In biology, sessility (in the sense of positional movement or motility) refers to organisms that do not possess a means of self-locomotion and are normally immobile. This is distinct from the second meaning of sessility which refers to an organism or biological structure attached directly by its base without a stalk.

Sessile organisms can move through outside sources (such as water currents) but are usually permanently attached to something. Organisms such as corals lay down their own substrate from which they grow. Other organisms grow from a solid such as a rock, dead tree trunk, or a manmade object such as a buoy or ship's hull.
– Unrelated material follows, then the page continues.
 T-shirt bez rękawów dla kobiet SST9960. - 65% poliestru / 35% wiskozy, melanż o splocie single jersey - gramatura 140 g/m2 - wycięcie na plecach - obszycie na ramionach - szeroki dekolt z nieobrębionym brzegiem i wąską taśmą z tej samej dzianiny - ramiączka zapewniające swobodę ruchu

Sessile animals typically have a motile phase in their development. Sponges have a motile larval stage, which becomes sessile at maturity. In contrast, many jellyfish develop as sessile polyps early in their life cycle. In the case of the cochineal, it is in the nymph stage (also called the crawler stage) that the cochineal disperses. The juveniles move to a feeding spot and produce long wax filaments. Later they move to the edge of the cactus pad where the wind catches the wax filaments and carries the tiny larval cochineals to a new host.
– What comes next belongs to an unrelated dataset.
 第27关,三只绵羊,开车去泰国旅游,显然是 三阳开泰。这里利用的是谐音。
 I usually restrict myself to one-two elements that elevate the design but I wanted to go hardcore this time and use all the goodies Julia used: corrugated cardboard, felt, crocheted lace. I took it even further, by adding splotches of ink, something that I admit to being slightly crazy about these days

Many sessile animals, including sponges, corals and hydra, are capable of asexual reproduction in situ by the process of budding. Sessile organisms such as barnacles and tunicates need some mechanism to move their young into new territory. This is why the most widely accepted theory explaining the evolution of a larval stage is the need for long-distance dispersal ability. Wayne Sousa's 1979 study in intertidal disturbance added support for the theory of nonequilibrium community structure, “suggesting that open space is necessary for the maintenance of diversity in most communities of sessile organisms.”